[[ Provided material open ]]

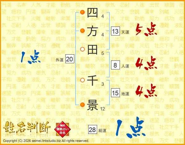 四(4画)方(4画)田(5画) 千(3画)景(12画)
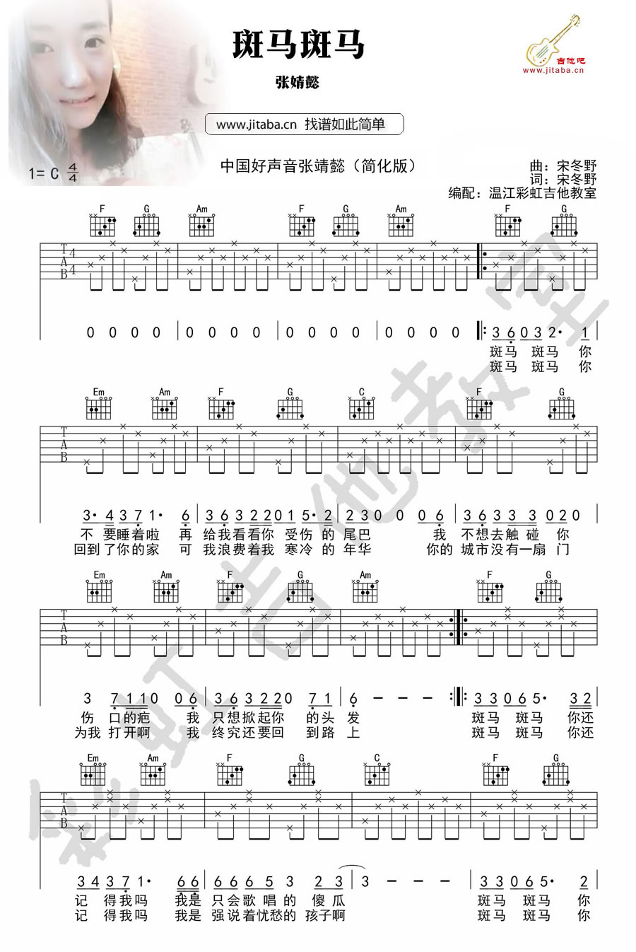 斑马斑马吉他谱 - 张婧懿 - 吉他弹唱谱
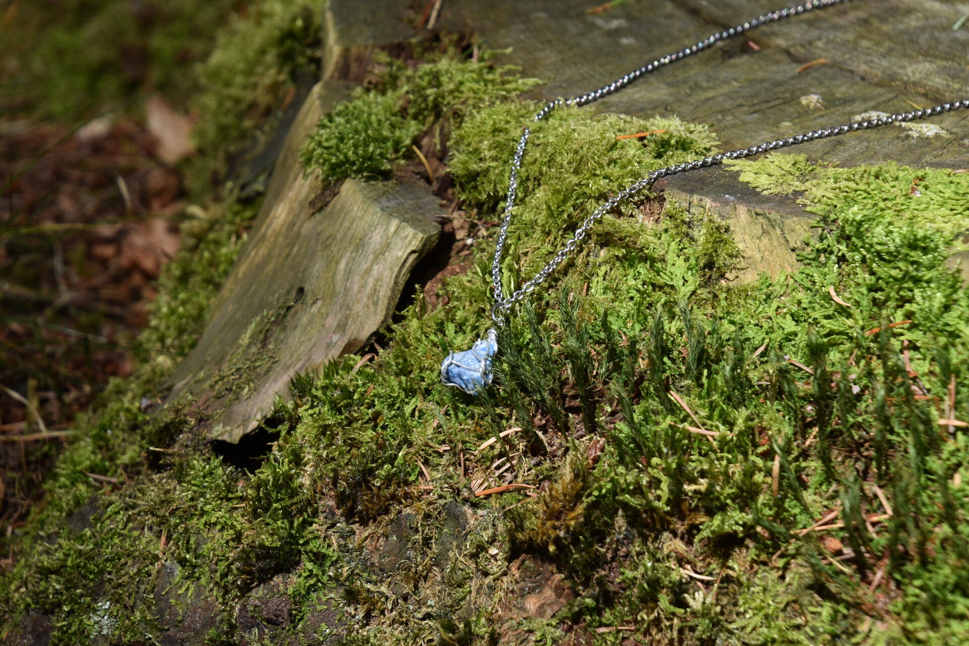 Een prachtige handgemaakte ketting van roestvrij staal met ruwe Lapis Lazuli hanger. Wordt op maat gemaakt en 5% van de winst gaat naar het Huidfonds.
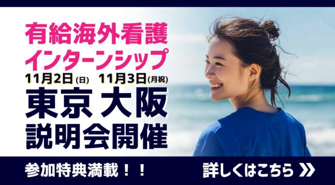 看護師に大人気!英語を学びながら稼げる留学「有給海外看護インターンシップ」。2025年11月、東京と大阪にてプログラム説明会開催が決定!参加者特典満載!今すぐ参加予約しよう。...

[[ Provided material closed ]]

** What you have to do **
Exact repetition of each line above is expected; images are to be omitted.

** Result of this exercise **
 四(4画)方(4画)田(5画) 千(3画)景(12画)
 斑马斑马吉他谱 - 张婧懿 - 吉他弹唱谱
 Een prachtige handgemaakte ketting van roestvrij staal met ruwe Lapis Lazuli hanger. Wordt op maat gemaakt en 5% van de winst gaat naar het Huidfonds.
 看護師に大人気!英語を学びながら稼げる留学「有給海外看護インターンシップ」。2025年11月、東京と大阪にてプログラム説明会開催が決定!参加者特典満載!今すぐ参加予約しよう。...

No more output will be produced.